What you should do: For the records that follow, please set down exactly the lines between the one holding "NOVINKA 2025. Wine" and the one holding "A large upcycled", inclusive, and only those.

Input data:
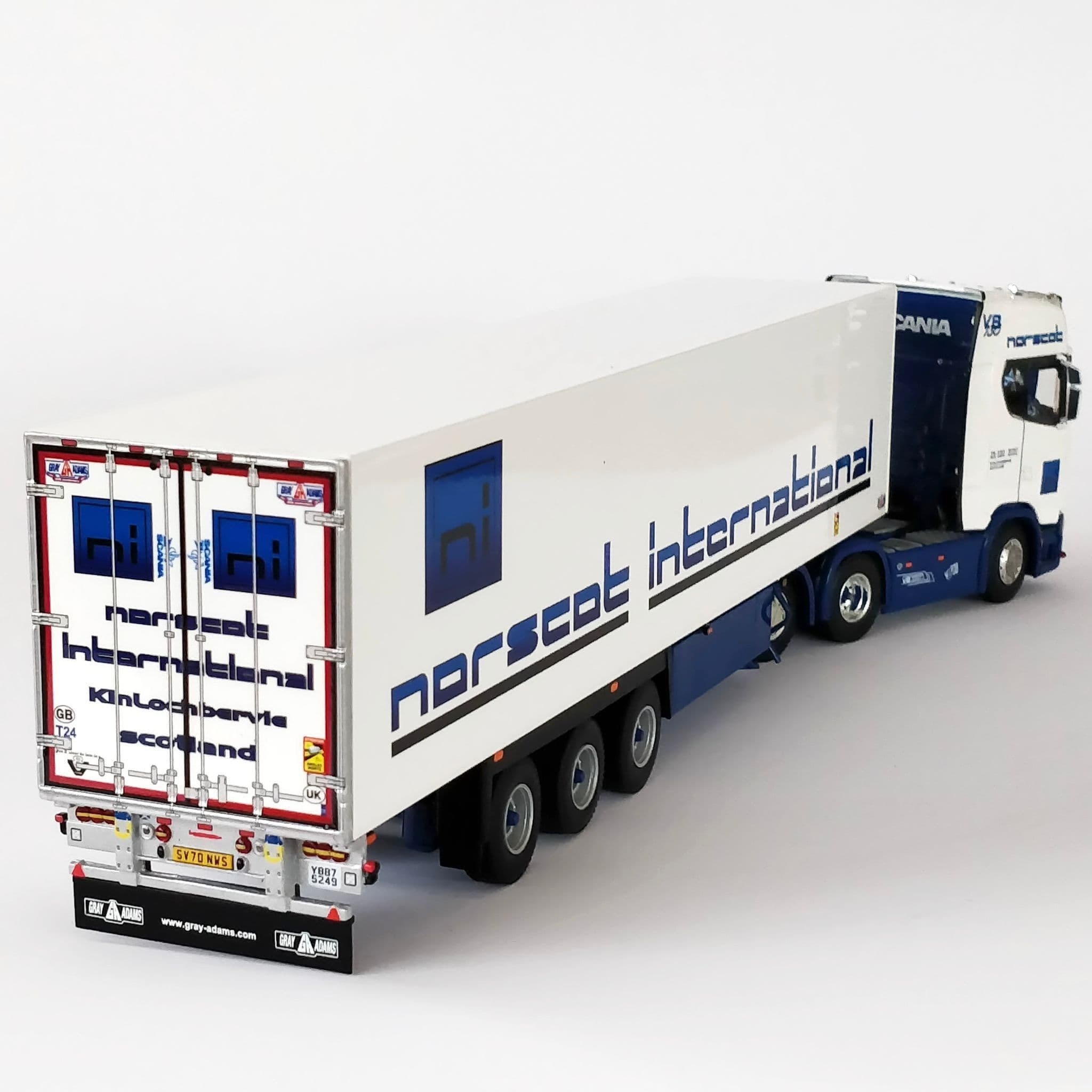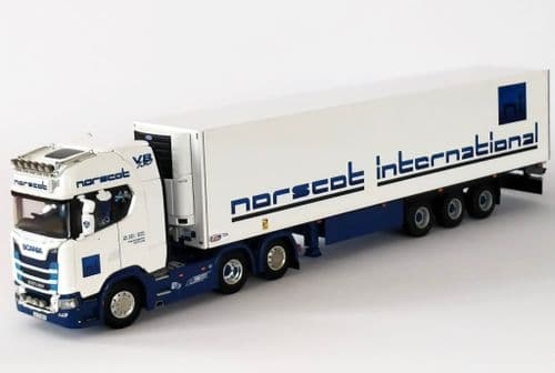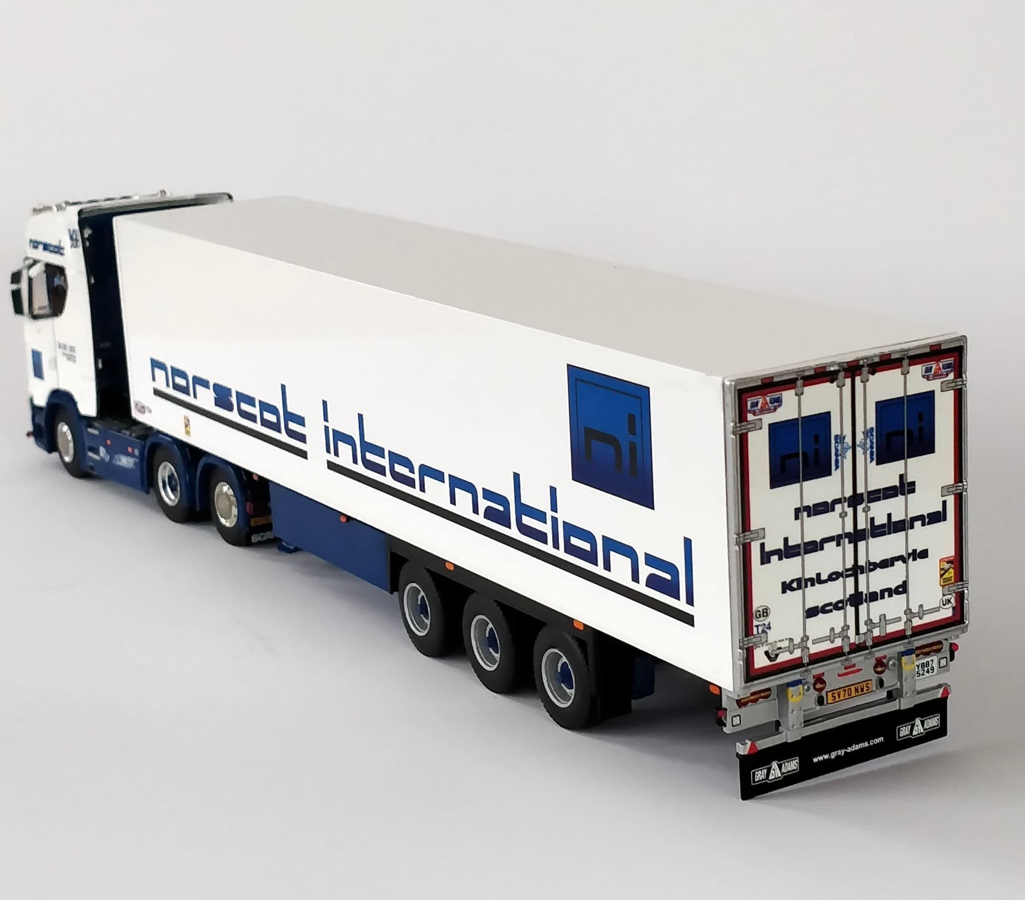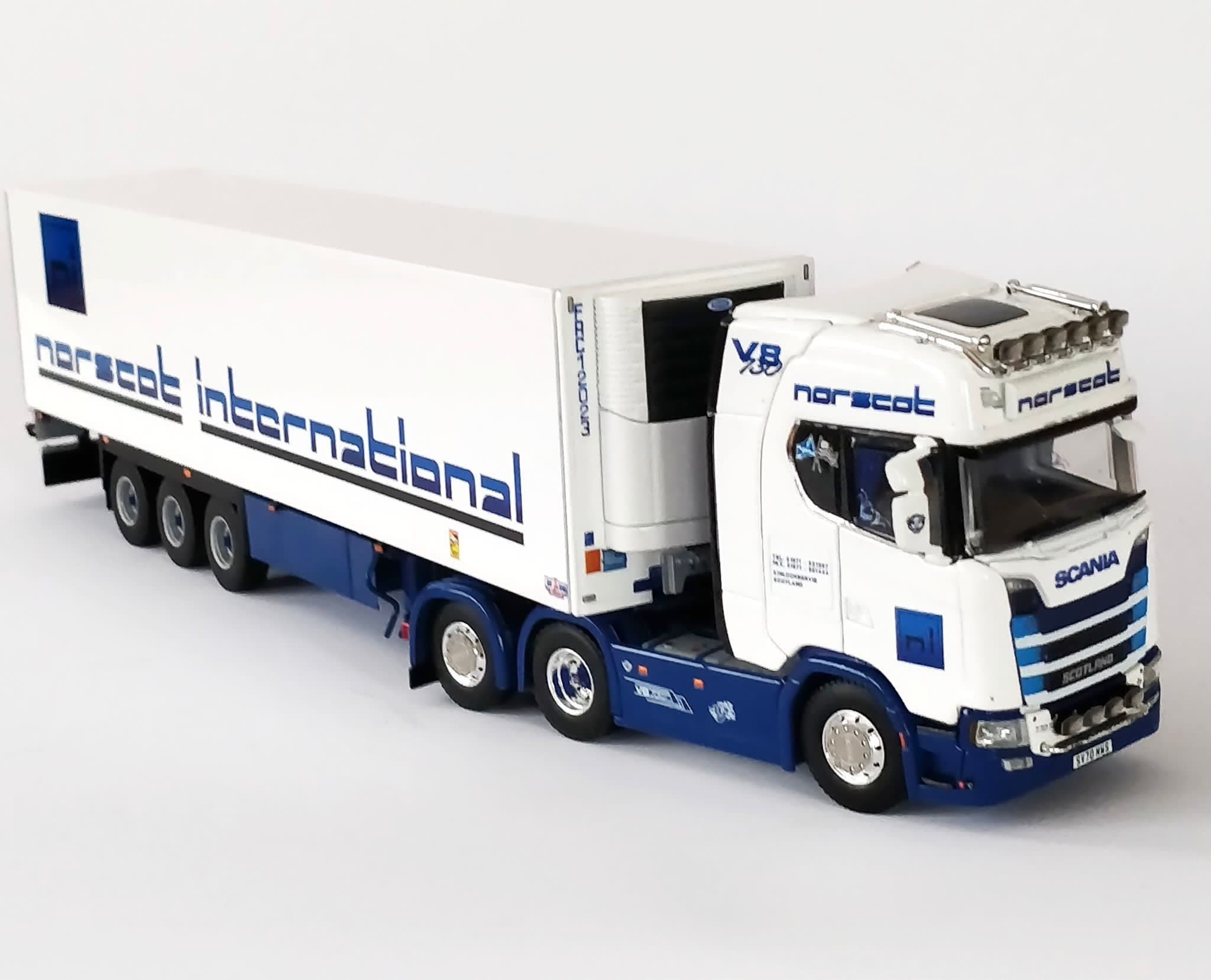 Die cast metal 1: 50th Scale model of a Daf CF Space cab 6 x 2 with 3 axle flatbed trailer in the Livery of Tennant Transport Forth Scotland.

* * *

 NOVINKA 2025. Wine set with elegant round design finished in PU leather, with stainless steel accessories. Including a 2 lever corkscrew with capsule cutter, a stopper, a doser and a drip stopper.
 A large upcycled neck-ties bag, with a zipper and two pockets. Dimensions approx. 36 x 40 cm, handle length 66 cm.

Solution for this problem:
 NOVINKA 2025. Wine set with elegant round design finished in PU leather, with stainless steel accessories. Including a 2 lever corkscrew with capsule cutter, a stopper, a doser and a drip stopper.
 A large upcycled neck-ties bag, with a zipper and two pockets. Dimensions approx. 36 x 40 cm, handle length 66 cm.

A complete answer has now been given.